Slurm Introduction#

This page serves as an overview of user commands provided by Slurm and how users should use Slurm in order to run jobs on Levante. A concise cheat sheet for Slurm can be downloaded here.

Slurm Commands#

Slurm offers a rich suite of user commands to allocate resources, launch parallel applications, query job status, control jobs, inspect accounting information etc. The most commonly used commands are:

sinfo: show information about all partitions and nodes managed by Slurm as well as about general system state. It has a wide variety of filtering, sorting, and formatting options.
squeue: query the list of pending and running jobs.
sbatch: submit a batch script.
salloc: request an (interactive) job allocation. When the job starts, a shell (or other program specified on the command line) is started on the allocated node. The allocation is released when the user exits the shell or cancels the job.
srun: initiate parallel job steps within a job or start an interactive job.
scancel: cancel a pending or running job or job step. It can also be used to send an arbitrary signal to all processes associated with a running job or job step.
scontrol: (primarily used by the administrators) useful to manage job settings or get some information about the system entities such as nodes, partitions, jobs, and configurations.
sstat: query near-realtime status information about e.g. CPU and memory usage for a running job.
sacct: retrieve accounting information about jobs and job steps. For completed jobs sacct queries the accounting database.
sacctmgr: (primarily used by the administrators) query account information.

Examples for usage of the above commands along with more specific explanations can be found in section Slurm Command Examples below.

Allocating Resources with Slurm#

A job allocation, which is a set of computing resources (nodes, cores, and/or GPUs) assigned to a user’s request for a specified amount of time, can be created using the Slurm salloc, sbatch or srun commands. The salloc and sbatch commands make resource allocations only. The srun command launches parallel tasks, hence it replaces mpirun and mpiexec in Slurm installations, and implicitly creates a resource allocation if not started within one. Also, srun distributes tasks across allocated resources and binds individual tasks to cores and GPUs.

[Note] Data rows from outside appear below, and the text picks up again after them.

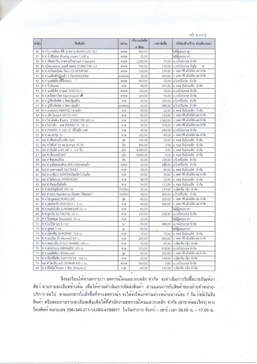 ประกาศ เรื่อง ผลการจัดซื้อเวชภัณฑ์ยาสัตว์ ด้วยวิธีประกวดราคา
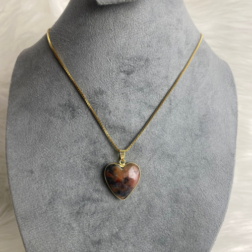 Necklace featuring a natural Black Jasper stone set in a gold-plated copper frame, paired with a sta..
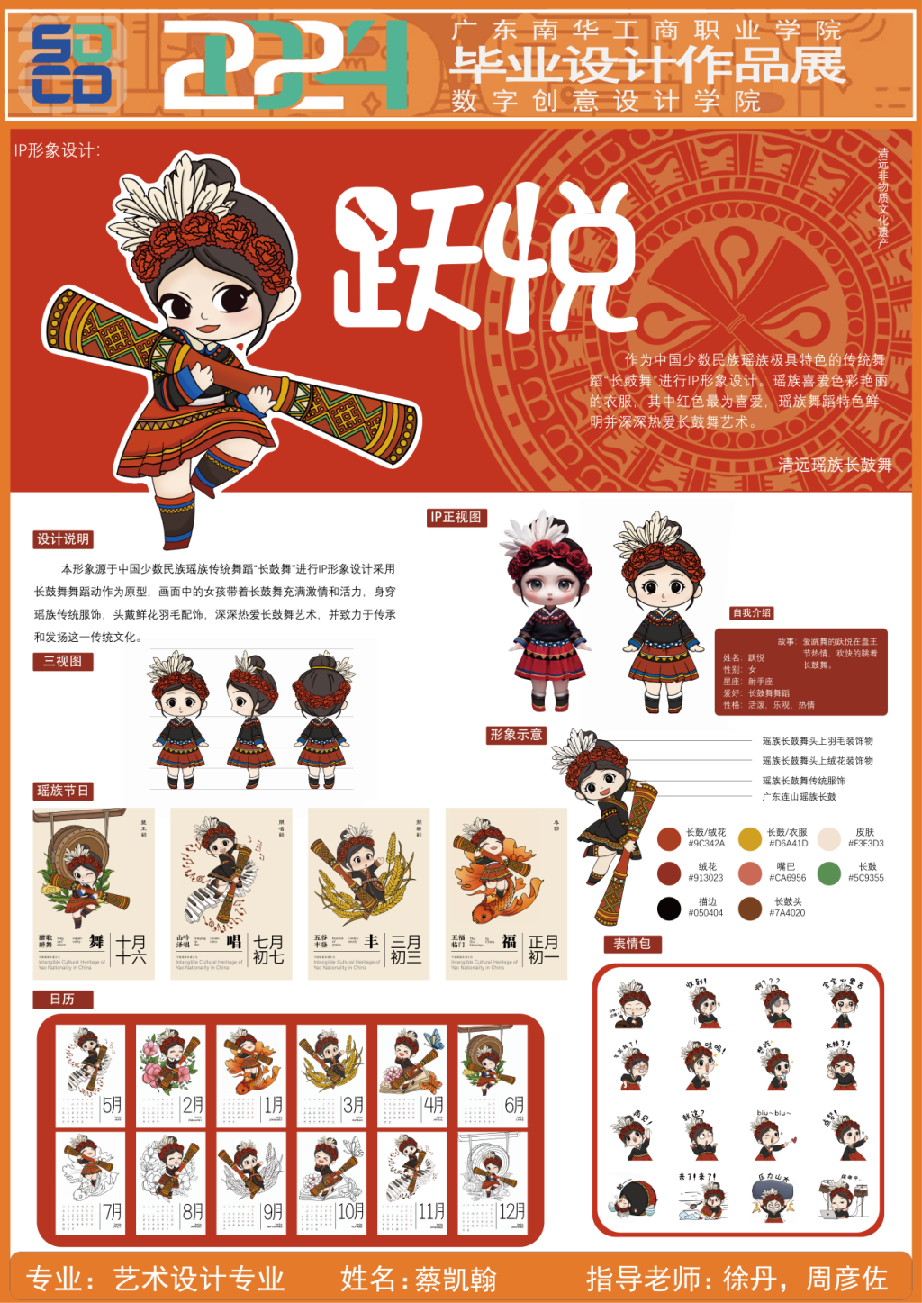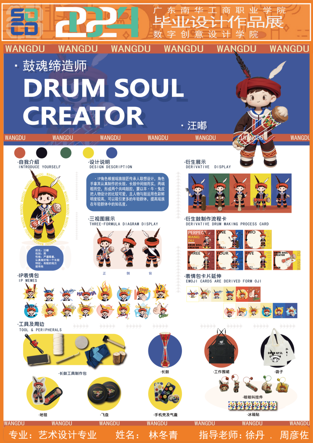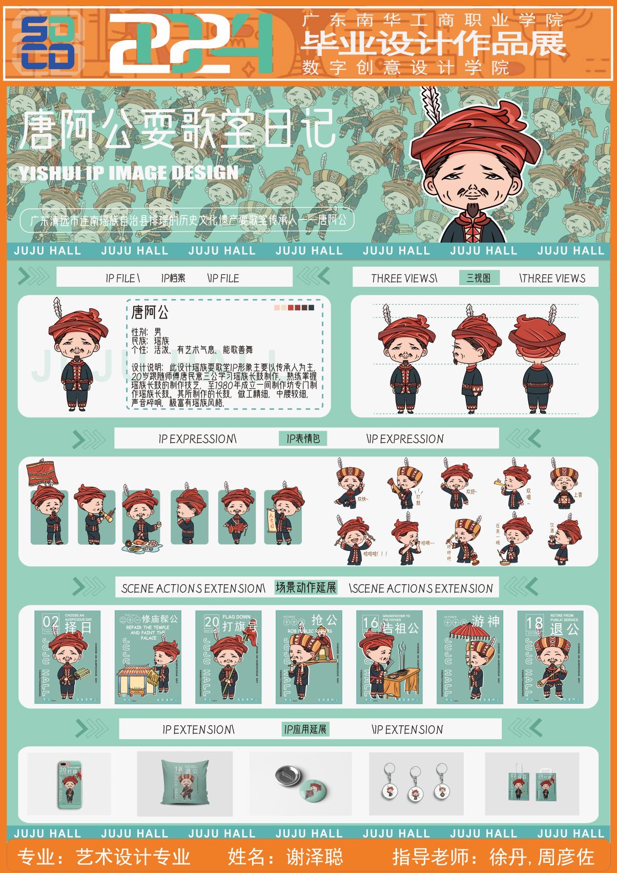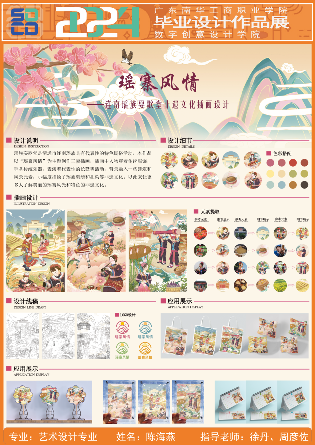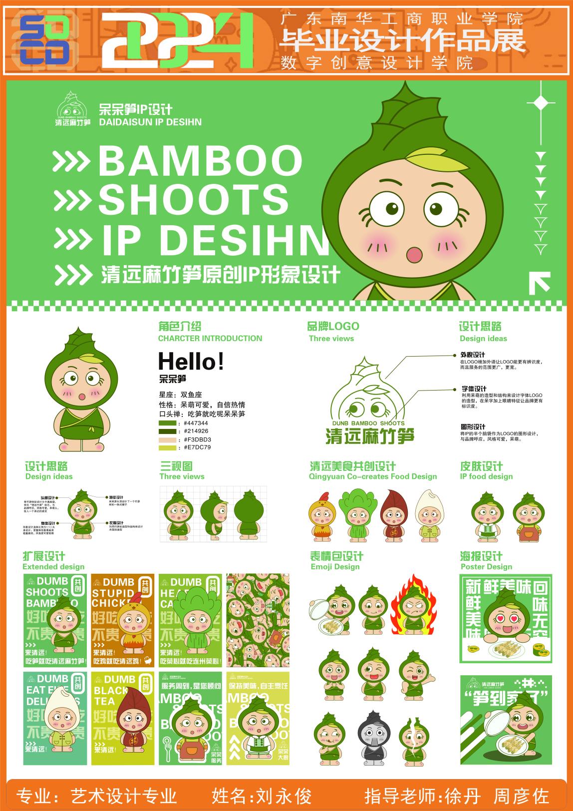 今年,艺术设计专业毕业设计作品紧密依托清远丰富的自然文化资源,聚焦“清远五大百亿产业”农产品和历史悠久的非遗文化,,深入挖掘并诠释了清远特色农业的精髓与非遗文化的深厚底蕴。同学们通过现代设计语言,将传统农产品、古老的非遗文化转化为一系列鲜活、富有感染力的IP形象,不仅赋予了清远文化新的生命力与故事性,更为清远文化的传播搭建了新的桥梁。
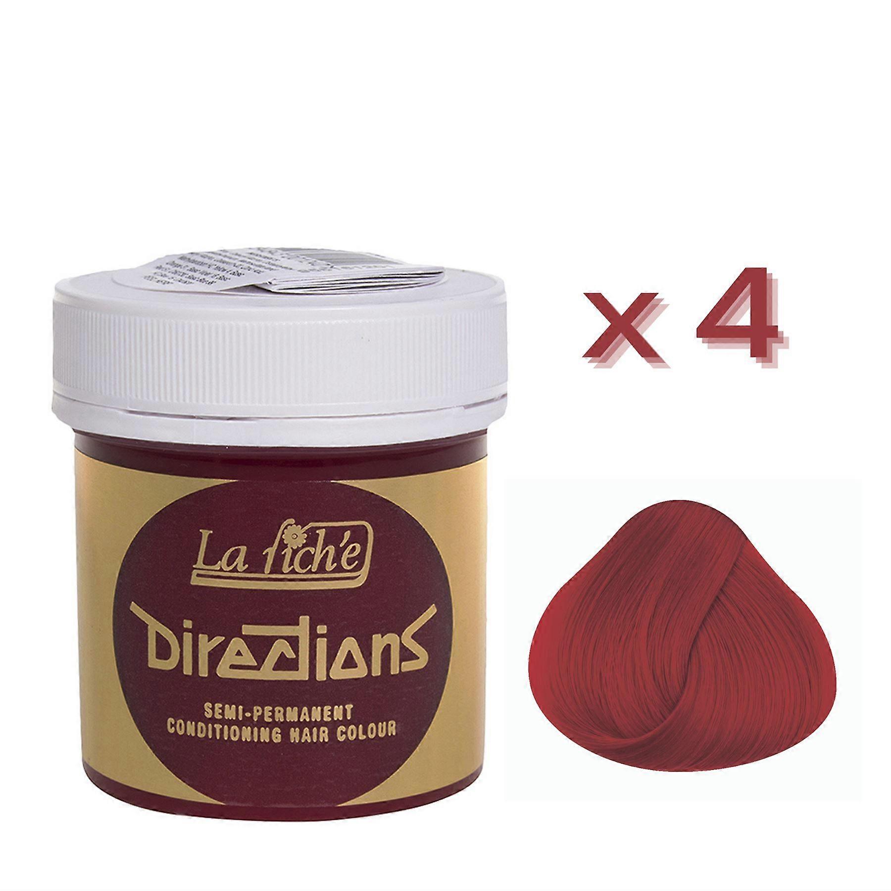 4 X La Riche Directions Semi-Permanent Hair Color 88ml Tubs - Vermillion Red
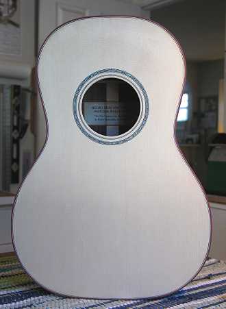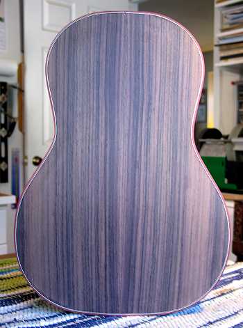 Sunday, July 12th, 2009: An exciting day today!!! THE SOUNDBOX IS FINISHED!!!! This morning I removed the tape from the bindings on the top. When I got home from church, I first did my weekly challenge, the Sunday New York Times crossword puzzle (keeps my brain working), and then I began the task of scraping and sanding down the bindings. It turned out I was very lucky this time!!! When I first looked at the bindings, right after removing the tape, it looked as if I had some gaps between the binding and the purfling on the upper bout of the back. However, after I scraped all the bindings and purflings down, it turned out that there were no gaps! I guess what I thought were gaps was just the black line of the purflings kind of smashed down, before scraping, making it look like black space there. So...no gaps to have to deal with this time. YAY! It took me around 3-1/2 hours to do all the scraping and sanding, so the bindings were flush to the body (in some places, my bindings were a bit proud of the sides, and that takes longer to scrape down than where they're proud of the top or back). I think it came out nicely! Here are some pics:

The most common way to allocate resources and execute a job on Levante is to write a batch script and submit it to Slurm with the sbatch command. The batch script is a shell script consisting of two parts: resource requests and job steps. Resource requests are specifications for number of nodes needed to execute the job, time duration of the job etc. Job steps are user-defined tasks to be executed using those resources. The resource request and other Slurm submission options are prefixed by #SBATCH directives and must precede any executable commands in the batch script. For example:

#!/bin/bash
#SBATCH --partition=compute
#SBATCH --account=xz0123
#SBATCH --nodes=1
#SBATCH --ntasks-per-node=128
#SBATCH --time=00:30:00
#SBATCH --output=log.%j.txt

# Begin of section with executable commands
set -e
ls -l
srun ./my_program

The shell script itself is regarded by Slurm as job step 0 and is (serially) executed on the first compute node in the job allocation. To execute parallel (MPI) tasks, users call the Slurm srun command within the script. Thereby, a new job step is initiated. It is possible to execute parallel programs in the form of job steps in any configuration within the job allocation. This means, a single job step can use all allocated resources or several job steps (created via multiple srun calls) can use a subset of allocated resources and run simultaneously.

By default, the current working directory of the Slurm job is the same as the directory from where sbatch was invoked. That is not necessarily the same directory in which the job script resides.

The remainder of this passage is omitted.